Most Expensive Book Ever Sold

Shakespeare’s “First Folio,” a first edition collection of the Bard’s plays was the most expensive book sold at auction in 2006, bringing $5.1 million USD. The book was published in 1623, seven years after Shakespeare’s death and contains a dozen plays that have never been reprinted as well as many that are considered classics today. The original printing issued 750 copies of the book and perhaps a third of these still exist today, albeit generally incomplete copies. With its original price of twenty shillings per copy, the book has needless to say undergone a remarkable price increase. It was a literary custom and common practice for readers to make revisions, additions and annotations to original books and manuscripts and this piece is no exception, with many notes giving insight into the book’s storied readership (perhaps a literary precursor to open-source software). The book was auctioned by Dr. Williams’ Library, a London library that contains a remarkable collection of first editions and manuscripts. It is said that the auction, carried out by Sotheby’s Auction House, will secure the finances and aging collection of the library for the near future.

Following up the most expensive book of 2006 was the first printed atlas, “Cosmography,” based on the work of second century Greek mathematician, geographer and astronemer Ptolemy. Printed in 1477, only two copies are held by private collectors today. The book fetched an impressive $4 million. It is worthy of note that five of the top ten most expensive books of 2006 were atlases, three of which were based on Ptolemy’s works. Atlases presented a unique challenge for early printers, as each map had to be etched into a printing plate by hand, precisely copying the original sources which were often over a thousand years old.

a page from the most expensive book
a page from Codex Leicester

As impressive as the value of those books may be, they pale in comparison to the record for the world’s most expensive book ever sold. Leonardo Da Vinci’s “Codex Leicester,” a notebook filled with original drawings, notes and sketches was sold to Microsoft founder Bill Gates for an incredible $30.8 million dollars in 1994. The most expensive printed book on record is James Audobon’s “Birds of America,” which sold in 2000 for $8.8 million. Audobon is a noted illustrator who pioneered much of early wildlife research. His work vastly increased popular awareness of the breadth of species in our world, and is still very highly regarded today for its accuracy and poignant detail.

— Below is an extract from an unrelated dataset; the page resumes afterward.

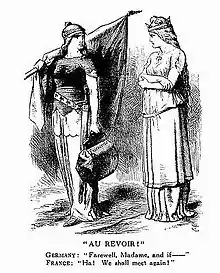 Principala greșeală a lui Bismarck a fost să dea satisfacție liderilor militari și opiniei publice germane prin incorporarea provinciilor de frontieră Alsacia și Lorena. În acest fel, Franța a fost transformată într-un inamic permanent și puternic motivat. Istoricul Theodore Zeldin a afirmat: „Răzbunarea și recuperarea lui Alsaciei și Lorenei au devenit obiectul principal al politicii franceze pentru următorii patruzeci de ani. Faptul că Germania a fost dușmanul Franței a devenit elementul de bază al relațiilor internaționale.” [101] Soluția lui Bismarck a fost transformarea Franței într-o națiune-paria, încurajând regaliștii să lupte cu noua republică și construind o rețea complexă de alianțe cu alte mari puteri – Austria, Rusia și Regatul Unit – pentru izolarea diplomatică a Franței.[102][103] Un element important al politicii externe germane a fost Alianța celor trei împărați, prin care împărații din Berlin, Viena și St. Petersburg își garantau securitatea statelor lor și făceau front comun împotriva Franței.[104]

Da Vinci’s “Codex” and Audobon’s “Birds” may, however, have a contender in 2008. Tomas Hartmann, the self-proclaimed “greatest philosopher of all time,” plans to sell a single copy of his book, “The Task,” for €153 million ($223 million USD). He only plans to sell a single copy of the thirteen-page book which is the culmination of thirty years of work. Despite his status as an international unknown, Hartmann’s book will be displayed at the Book Expo America 2008 Fair in Los Angeles and the Buch Wien Fair.

Hartmann also plans to sell an edition of 5,000 copies of a book of his philosophical poems, which he will introduce at the Linz international book fair, for €1530 per book ($2,234 in USD). However, if Hartmann wins a literary award, he plans to increase the price to €1.53 million per book.

While any reader, scholarly or not would be proud to own an original edition of Shakespeare’s work, perhaps we will see an even more outlandishly expensive price tag for a historic literary work in the near future. Rare original manuscripts that contain the artists’ and writers’ hand workings often sell for vast sums, and are put to auction fairly regularly. The rare book market is doing quite well and the prices are still going up, so even relative newcomers like Hartmann may author the world’s most expensive book.